EXAMPLE SEARCHES (case sensitive):
cats       - returns any link containing 'cats'
devel5.zip - returns any link containing the string 'devel5.zip'
.exe       - returns any link containing '.exe'
/index/    - returns any link containing '/index/'
/INDEX/    - returns any link containing '/INDEX/' but not '/index/' or '/iNdEx/'
Magic      - returns precisely 'Magic' but not 'magic' or 'MAGIC'
$%_!/      - returns '$%_!/'

EXAMPLE SEARCHES (case INsensitive):
!CaTs      - returns 'CaTs', 'CATS', 'cats' or any variation thereof
!.EXE      - returns 'EXE', 'exe' and so on...
!OH!       - returns 'OH!', 'oh!' and so on...

Note that '.exe' will also return 'www.executive.gov', for example, and not just 'game.exe'.

You can also click the 'Aa' checkbox to perform case INSENSITIVE searches.
**The default search is case sensitive** and this is done on purpose and no I won't change it.

WHY DOES THIS EXIST?
It sucks trying to find lost files. If I'm researching stuff I may as well save the data for later so
we can all look for other desirable files instead of doing the same thing over and over again.
The idea is this could potentially save us all a lot of time and hopefully unearth lost treasures.
The command line tools I have are far more powerful than this, this is the way I felt like sharing it for now.
It's also kinda fun to use the engine to look for files quickly instead of the cli.
Remember to submit cool stuff using the 'submit' button at the top, and you can see what's been submitted
by clicking 'finds'. Many sites here were mentioned or given by other people.

NAMING CONVENTIONS
The naming convention for the data files is the domain and path (if a path is used).
Underscores in filenames are forward slashes, underscore followed by a hyphen is forward slash + tilde (/~).
If the filename ends in _(YYYY) (example: example.com_thing_(2009)) it means it was only indexed up TO that date.
These will appear under the [what] button as 'example.com-up-to(2006)', which is different from the filename.
I don't anticipate ever needing to use a "from" date given the focus of this project.
All grabs are from the beginning to the end unless an end date is specified.

LIMITATIONS
Your computer may crash from lack of pagination of results. You've been warned now twice ;)
This will probably never be implemented, because I don't care :D
If you do something dumb like search ".com" your browser will probably become unresponsive and your OS may crash.
There is no spam filter on submissions, don't abuse it & beware of what you click.
We are not some massive data hoarding center (jklol, yes we are), but this server is limited and
eventually this thing will run out of space to keep new sites.
Eventually it will also run out of resources and possibly burst into flames, so enjoy it while it lasts.
Generally, there is no guarantee of completeness or reliability of data. Shit happens. Use at your own risk.

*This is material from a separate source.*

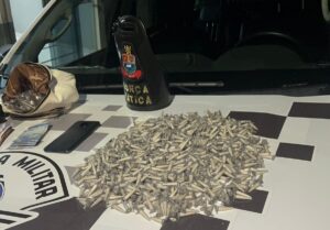 Ao todo, foram apreendidos: 830 eppendorfs de cocaína, 116 porções de maconha, 22 porções de dorga sintética (dry), R$ 390,00 em dinheiro e dois aparelhos celulares, modelos Infinix Hot 40i e Motorola Moto E7.

Lastly, the search box tells you the date/time the last dataset was added when you load the page initially.
It is currently updated fairly frequently. Keep checking back.
The dropdown will be used to segregate different types of searches. The "web" will always be VR related,
but the FTP and others will be random. I will not put any VR stuff under any other category than "web".
You can get the FTP data here: https://superscape.org/search/ftp/data
Local filesearch will be coming soon so you can search our mirrors and files 
https://superscape.org/files/
https://superscape.org/files/mirrors/


EXAMPLE CODE
Python script to query the datasets:
import json
import sys

case_insensitive = True  # default

filename = input("Filename: ")
search   = input("Search term: ")

try:
    with open(filename, 'r') as f:
        a = f.read().rstrip('\n')
except:
    print("File not found or other file access error")
    sys.exit(1)

n = json.loads(a)

for x in n:
    if case_insensitive == True:
        if search.lower() in x['original'].lower():
            print("found " + str(x['original']))
    else:
        if search in x['original']:
            print("found" + str(x['original']))